What＇s worse，the frequency range of the noise has to be recognized by using wavelet transform.The wavelet transform cannot be applied to remove external noises effectively.While the EEG signals can be collected by wearing a headset with sensors，some other unnoticed noise may be added.Compared with the wavelet transform，ICA is more suitable to remove non－random noise.The fundamental paper on the ICA was proposed by Comon［8］.Many ICA algorithms have been developed by researchers from different groups.TheFastICA algorithm wasproposed by scholars from Finnish， see［9］. It is a linear ICA algorithm with fast convergence and good accuracy［10］.

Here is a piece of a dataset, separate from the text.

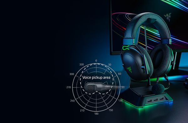 Razer BlackShark V2 là dòng sản phẩm chuyên game, nên hãng trang bị những công nghệ tân tiến nhất cho chiếc tai nghe mới của mình. Công nghệ Razer HyperClear Cardioid Mic - tính năng khử ồn cùng khả năng nhận giọng nói tốt giúp âm thanh được tái tạo chân thực. Phần Micro trên BlackShark V2 có thể uốn cong cùng thiết kế mở được tối ưu hoá, giảm thiệu sự cản trở giúp cải thiện độ rõ ràng cho giọng nói của bạn
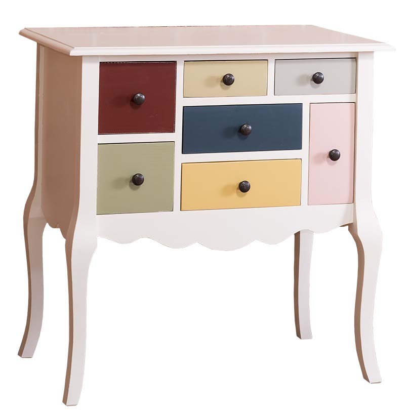 Die absolute Besonderheit dieser Kommode ist die Ausführung mit sieben kleinen Schubladen. Mit einer Multicolor-Lackierung der Schubladenfronten wird diese Kommode zum einzigartigen Hingucker. Es ist fast unmöglich, sich nicht sofort in diese verspielte Kommode zu verlieben. Die überstehende Deckplatte zeigt ein einfach abgesetztes Rundprofil. Die Deckplatte ist wahlweise aus Fichte oder aus massiver Eiche (stabverleimt) gefertigt.

In this paper，FastICA algorithm has been used to remove all types of non－random noise.Just as its name suggests，high－speed operation with lesscomplexity has been achieved，which has an advantage for dealing with mass data.At the same time，its accuracy is no worse than that of other forms of ICA.By using this approach，different non－random noise can be assigned to individual channels.We don＇t need to know the frequency ranges of any type of noise，and when some unnoticed noise are added，the system can work as well without any modification.Nevertheless，the drawback of ICA is that it cannot tell which channel is the noisy－channel，and which one is the channel of EEG.To overcome this，a method of Quasi Expected Value(QEV)is proposed.The EEG signal from all FastICA outputs can be selected simply and effectively by QEV method.

1 METHODOLOGIES

The flow chart of sampling and processing EEG signals is shown in Fig.1 .First of all，EEG signals are collected from different area of the brain.To simplify the analysis eight is chosen as the channel number，and N，the sampling points in each channel.Thus，we can construct a matrix S(8，N)with 8 denoting the number of rows and N，the number of columns.Then，WPT algorithm is used to remove the random noise before ICA is applied，because the less the random noise is，the better the ICA algorithm will work.Next，FastICA algorithm is used to process all eight channels of WPT outputs.The outputs of FastICA are immune from random noise.They are generated from different independent sources.One of them is the original EEG signal and the others are different types of noise.The final step is to find out the original EEG signal from the channels by using QEV method.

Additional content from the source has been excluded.